It’s three years since the Heath played at a Coffee Concert. Their essence remains the same but some details have changed: they stand to play, Christopher Murray, the cellist, has a beard and, most important, Sara Wolstenholme has taken Cerys Jones’ place as second violin.
To deal with the standing first; a few people didn’t like it but most did. It frees the players up to turn to each other as the music dictates, it reveals the fact that playing involves the whole body, not just the upper half and it allows the players to dance a little. I think there’s another factor: the players seem more vulnerable without the comfort of a chair. That tenses the audience; they sense that something important is about to happen.

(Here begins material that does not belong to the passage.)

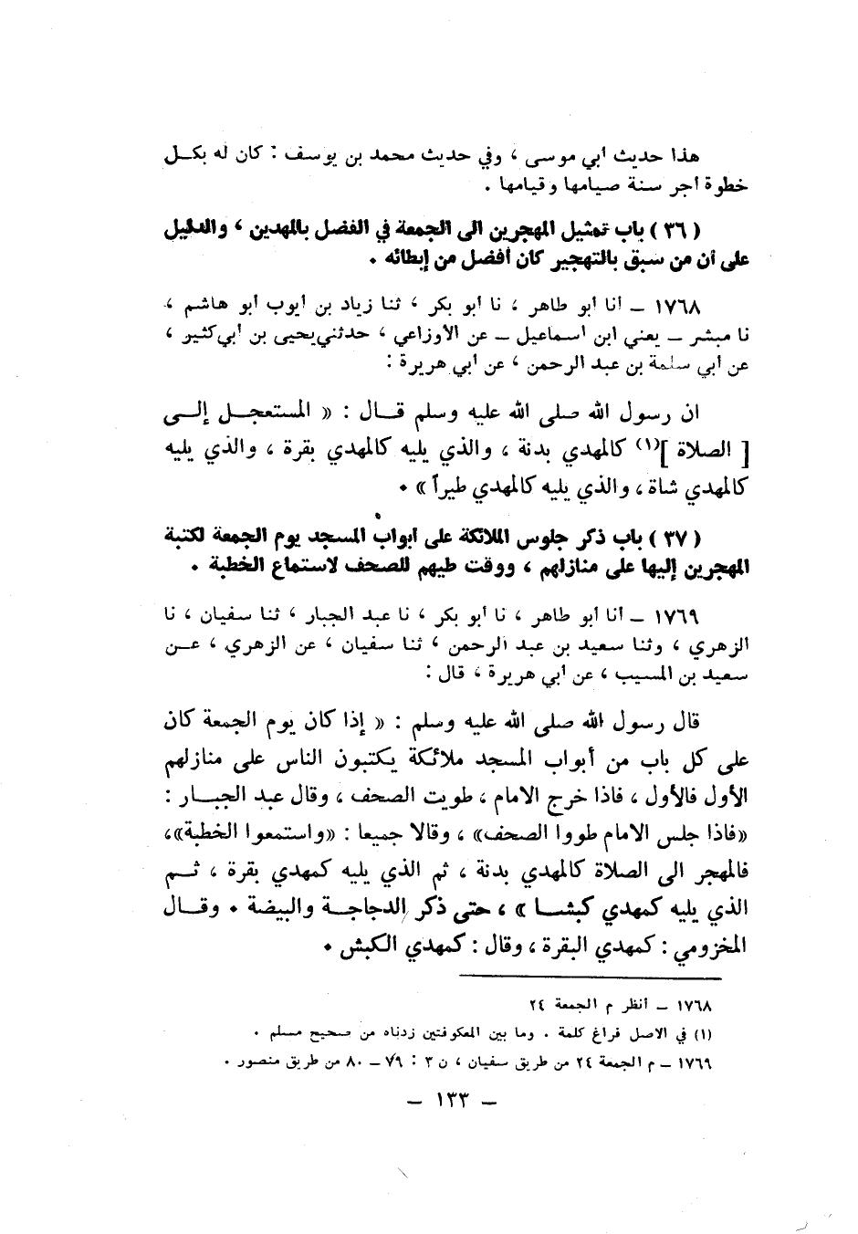 1769 - نا عَبْدُ الْجَبَّارِ، ثنا سُفْيَانُ، نا الزُّهْرِيُّ، وَثنا سَعِيدُ بْنُ عَبْدِ الرَّحْمَنِ، ثنا سُفْيَانُ، عَنِ الزُّهْرِيِّ، عَنْ سَعِيدِ بْنِ الْمُسَيِّبِ، عَنْ أَبِي هُرَيْرَةَ قَالَ: قَالَ رَسُولُ اللَّهِ صَلَّى اللهُ عَلَيْهِ وَسَلَّمَ: «§إِذَا كَانَ يَوْمُ الْجُمُعَةِ كَانَ عَلَى كُلِّ بَابٍ مِنْ أَبْوَابِ الْمَسْجِدِ مَلَائِكَةٌ يَكْتُبُونَ النَّاسَ عَلَى مَنَازِلِهِمُ الْأَوَّلَ فَالْأَوَّلَ , فَإِذَا خَرَجَ الْإِمَامُ طُوِيَتِ الصُّحُفُ» . وَقَالَ عَبْدُ الْجَبَّارِ: «فَإِذَا جَلَسَ الْإِمَامُ طَوَوَا الصُّحُفَ» . وَقَالَا جَمِيعًا: «وَاسْتَمَعُوا الْخُطْبَةَ , فَالْمُهَجِّرُ إِلَى الصَّلَاةِ كَالْمُهْدِي بَدَنَةً , ثُمَّ الَّذِي يَلِيهِ كَمُهْدِي بَقَرَةً , ثُمَّ الَّذِي يَلِيهِ كَمُهْدِي كَبْشٍ» حَتَّى ذَكَرَ الدَّجَاجَةَ وَالْبَيْضَةَ. وَقَالَ الْمَخْزُومِيُّ: «كَمُهْدِي الْبَقَرَةِ» , وَقَالَ: «كَمُهْدِي الْكَبْشِ»

And indeed something important did happen. All the usual features of a performance by the Heath were there: perfect ensemble, lyrical playing with finesse rather than power, well-judged tempi – fast but not showy, with lovely use of rubati at key moments. But at this performance everything they do so well seemed to be taken a step further. Take the opening of Beethoven’s Opus 18 No.3. The first violin plays two bars alone, one note to each bar, before his running quavers start and the others come in. Beethoven marked it piano but the temptation is to play it a little louder than that, to make it easier to phrase. Instead Oliver Heath played it quieter than expected yet was able to pour expression into it. He did this again and again throughout the concert – his bow hardly moving but still shaping the music exquisitely.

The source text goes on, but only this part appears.